Your task: Write out every line from the listing below where the string "MESZ" is found.

Given data:
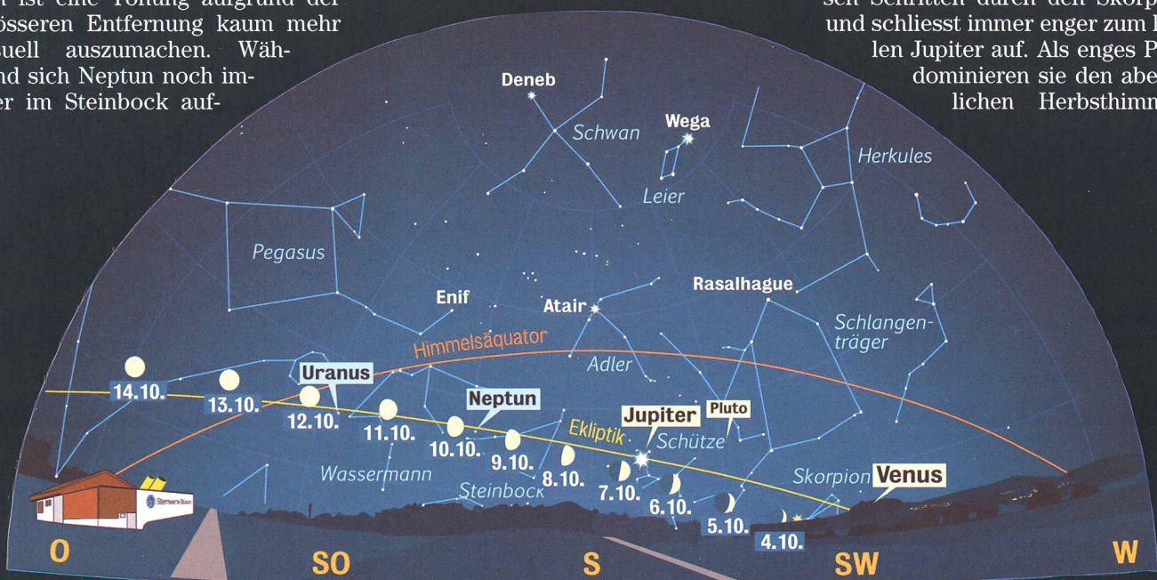
Anblick des abendlichen Sternenhimmels Mitte Oktober 2008 gegen 19.45 Uhr MESZ (Standort: Sternwarte Büllach)

In der unteren Grafik ist Venus gegen 19:45 Uhr MESZ eben im Südwesten untergegangen. In der Abenddämmerung setzt sie sich aber immer besser als «Abendstern» in Szene und wandert in grossen Schritten durch den Skorpion und schliesst immer enger zum hellen Jupiter auf. Als enges Paar dominieren sie den abendlichen Herbsthimmel.
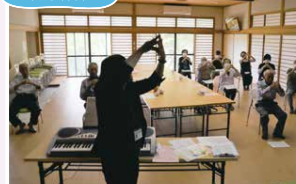
5/25(木) 中ふれあいサロン 懐かしい童謡や歌謡曲、脳トレで 声を出して歌って笑った楽しい時間
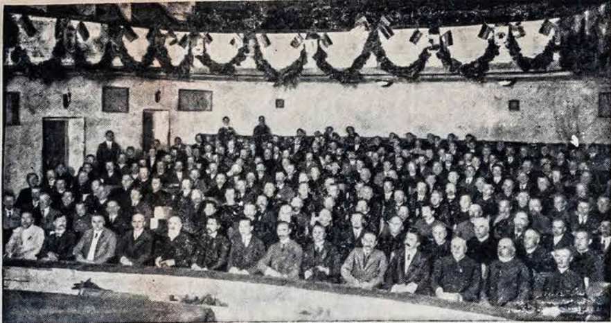
1917 m. rugsėjo 18-22 d. Vilniaus konferencijos dalyviai. Ši konferencija išrinko Lietuvos Tarybą, kuri paskelbė Lietuvos nepriklausomybę.

Kaip mes šiandien gerai žinome, tokių dievų net iš viso nėra. Žydai taip pat turėjo Velykų šventes, kurias švėsdavo pavasarį. Kaip Evangelijos mums paduoda, žydu Velykų metu buvęs nukryžiuotas Kristus. Žydai savo Velykas taip pat švėsdavo
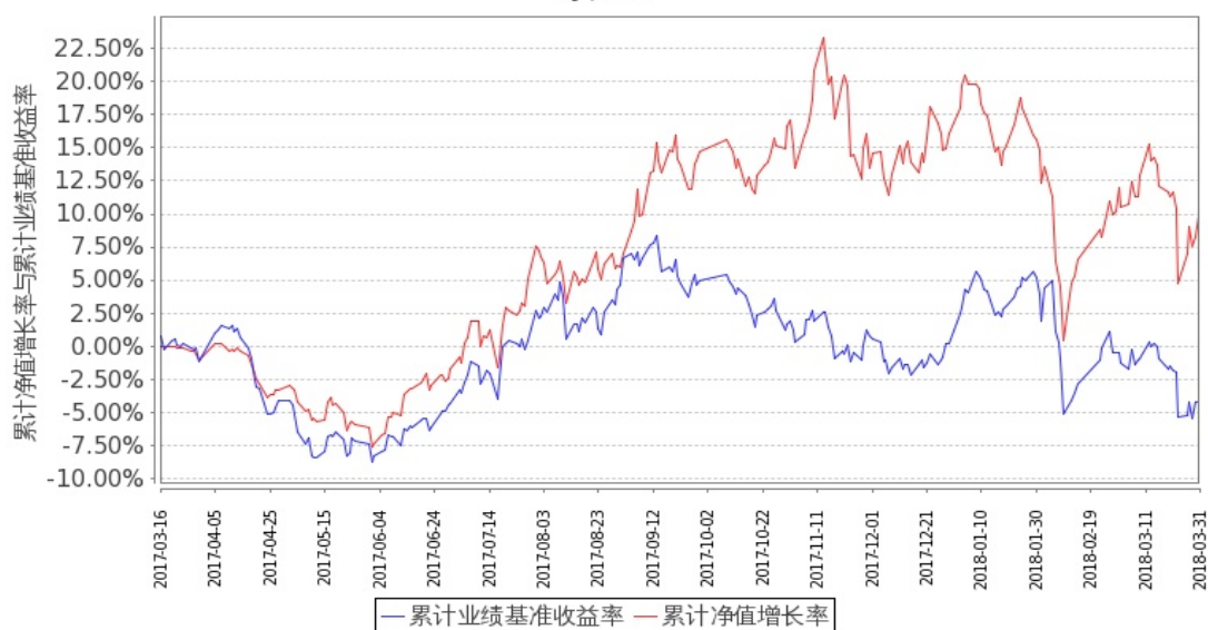
图 1：嘉实新能源新材料股票 A 基金累计份额净值增长率与同期业绩比较基准收益率的历史走势对比图
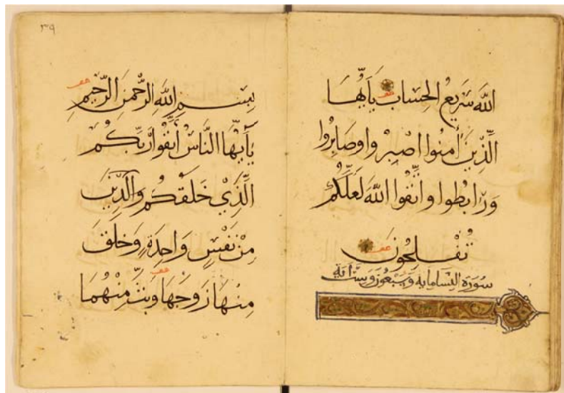
آغاز سورة نساء در قرآن وقفی بندار ممولة مشهدی (به تاریخ ماه رمضان ۶۱۴ قمری)
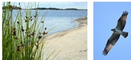
Region Sörmlands miljöarbete Vi arbetar för en god hälsa och miljö. Vår användning av kemikalier och läkemedel är hållbar.

Det finns en ny utbildning som alla förskrivare rekommenderas att genomgå (ca 20 minuter). Utbildningen är framtagen av enheten Miljö och klimat och Läkemedelskommittén. Utbildningen finns i Kompetensportalen , inloggning från intranätet.
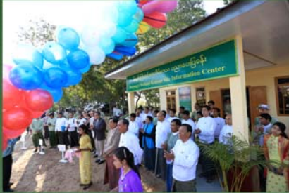
22.2014 World Wetlands Day at Moeyungyi Ramsar site Wetland Sanctuary
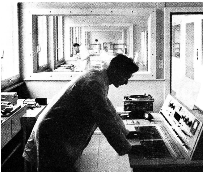
Fig. 2. Blick in die Senderäume des Kurzwellendienstes während der Montagearbeiten

Das Gebäude beherbergt im Erdgeschoss die technischen Anlagen und die Studios des Schweizerischen Kurzwellendienstes, während im ersten, zweiten und zum Teil im dritten Obergeschoss die vielsprachigen Programmzweige und die Direktion des KWD
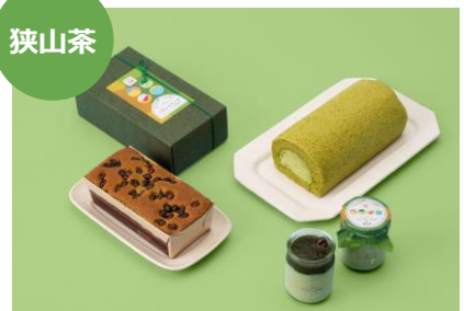
狭山茶プリン 1個 600円 狭山茶パウンドケーキ 1個 1,404円 狭山茶ロールケーキ 1本 2,376円 那須ジャージーマリアージュ (エキュート大宮 ノース)
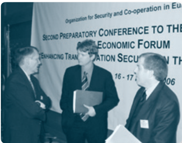
Обмен мнениями между участниками подготовительной конференции в Баку

Конкретные мероприятия последующей деятельности будут разработаны и выполнены после проведения Пражского форума.
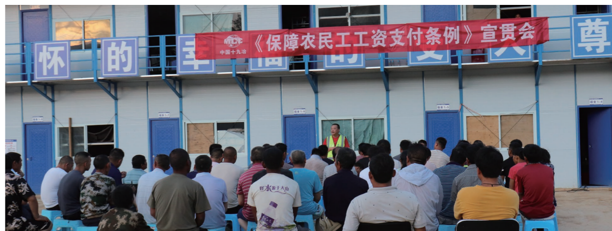
◆ 永勐高速项目党支部为施工人员宣贯《保障农民工工资支付条例》

“支部建在项目上、党旗插在工地上”。永勐高速开工建设以来，项目党支部始终坚持党建引领，筑牢思想主心骨，始终把党的领导贯穿于项目全生命周期经营管理工作，不断探索党建工作与生产经营深度融合的路径，将项目部党支部打造成坚强的战斗堡垒，以高质量党建助推项目高质量履约，努力打造具有鲜明特色的“西部铁军”党建品牌，积极彰显中央企业在地方经济发展中的“压舱石”“顶梁柱”作用。
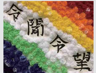
ヒント：令(さば)聞(ぶんこうぶ)令(んか)望(さい二十九九)
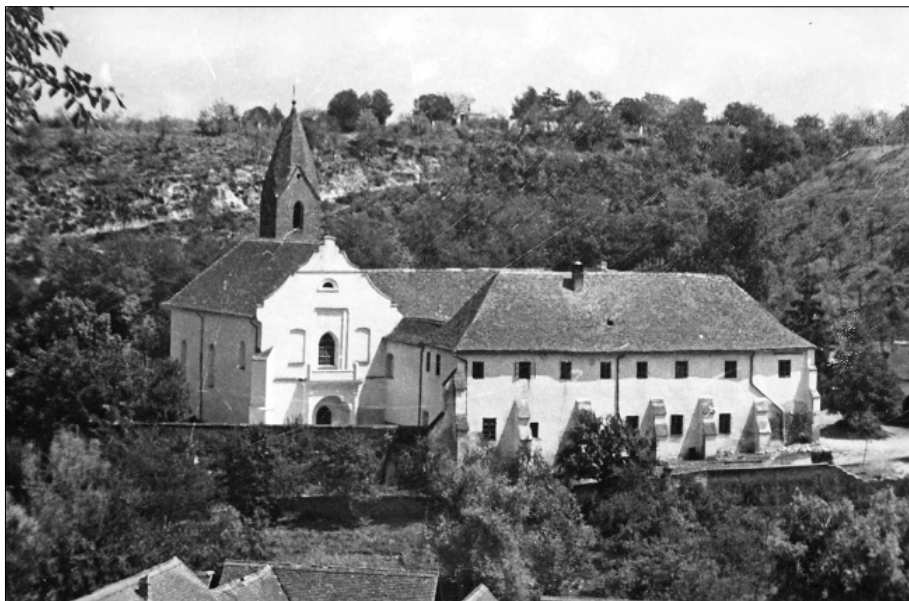
5. Šaregradska franjevačka crkva i samostan sredinom 20 st., nakon Frankovićevog zahvata

Response to the exercise:
Anblick des abendlichen Sternenhimmels Mitte Oktober 2008 gegen 19.45 Uhr MESZ (Standort: Sternwarte Büllach)
In der unteren Grafik ist Venus gegen 19:45 Uhr MESZ eben im Südwesten untergegangen. In der Abenddämmerung setzt sie sich aber immer besser als «Abendstern» in Szene und wandert in grossen Schritten durch den Skorpion und schliesst immer enger zum hellen Jupiter auf. Als enges Paar dominieren sie den abendlichen Herbsthimmel.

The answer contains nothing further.